Il faut continuer, continuer à descendre dans la rue, continuer à organiser des réunions publiques, continuer à organiser des collectifs de soutien autour de ceux qui souffrent, et donc améliorer leurs quotidiens. C’est d’autant plus important que les jours qui arrivent, on ne va pas se voiler la face, ils vont être durs. Il va y avoir des exactions, on va être attaqués de tous les côtés. On approche des élections et on sait que dans ces moments les attaques sont bien plus virulentes. On doit continuer à fonctionner ensemble, organiser des manifestations unitaires, comme samedi dernier, où on parle de tout : des sans-papiers, des violences policières, de la précarité, je ne vais pas tout citer, mais de tout. Parce qu’on se rappelle que même avant les Gilets Jaunes, en 2016 par exemple lors de la mobilisation contre la loi Travail, des gens ont payé de lourd tribut, des militants ont été criminalisés, assignés à résidence, perquisitionnés... On ne veut pas vivre la même chose, alors on doit continuer à avancer ensemble se soutenir les uns les autres

Cela malgré nos spécificités. Par exemple on me dit souvent : « tu es un militant antiraciste ». Oui je le suis, mais nous le MIB (Mouvement de l’immigration et des banlieues) ils nous ont appris que la lutte des classes fait partie intégrante de la lutte antiraciste. Ce n’est pas l’affaiblir au contraire c’est la solidifier. C’est comme à l’époque des travailleurs arabes dans les années 80 quand certains syndicats – et je dis bien certains – les ont soutenu dans leurs revendications, ça a payé. C’est positif ce qui est en train de se passer dans le milieu du travail, le rapprochement entre la défense des travailleurs immigrés et de ceux qui habitent dans les quartier populaires, qui sont précaires. Il y a bien sûr une question de racisme, mais il y a aussi une question de lutte des classes. Il faut que ça continue, je suis content moi je suis content de voir ce genre de chose.

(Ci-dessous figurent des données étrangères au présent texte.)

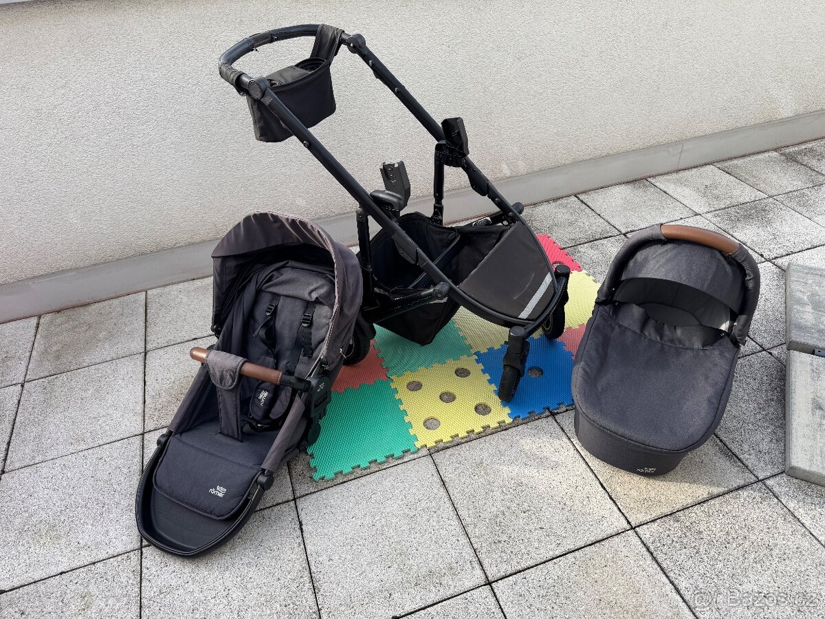 Dvojkombinace v pěkném stavu, oděrky z běžného užívání, oloupaná koženka na rukojeti, po jednom dítěti, součásti originál pláštěnka a organizátor na rukojeti, lehký, snadno ovladatelný, nástavce na vajíčko

RP : un dernier mot pour celles et ceux qui subissent ces attaques racistes et islamophobes, un dernier mot pour celles et ceux qui se battent pour une meilleure société ?

Un petit message pour tous les militants qui subissent les attaques de la fachosphère, pour tous les journalistes qui subissent des attaques révoltantes. Dites-vous qu’on est en train d’avancer, et on n’a pas peur d’eux. Ce sont eux qui ont peur de nous ! On va continuer et ce sont eux qui vont reculer, parce que je pense qu’ils sont minoritaires ! Ils ont des tribunes sur les plateaux télés, des unes de journaux, les réseaux sociaux qui amplifient leurs voix, mais on est plus nombreux, on est plus solides parce qu’on est sincères. On n’invente rien nous, on n’est ni dans l’extrapolation ni dans le mensonge ! On défend une cause, un idéal et on va leur faire comprendre. Ils peuvent faire ce qu’ils veulent je pense qu’aujourd’hui on n’est pas près de s’arrêter.

Révolution Permanente apporte tout son soutien à Samir Elyes face aux attaques qu’il subit pour avoir dénoncé le racisme d’État. Une justice qui protège une police raciste au service d’un État et d’un gouvernement qui, main dans la main avec l’extrême droite discrimine, criminalise violente et assassine les populations des quartiers populaires, les musulmans et ceux qui les défendent.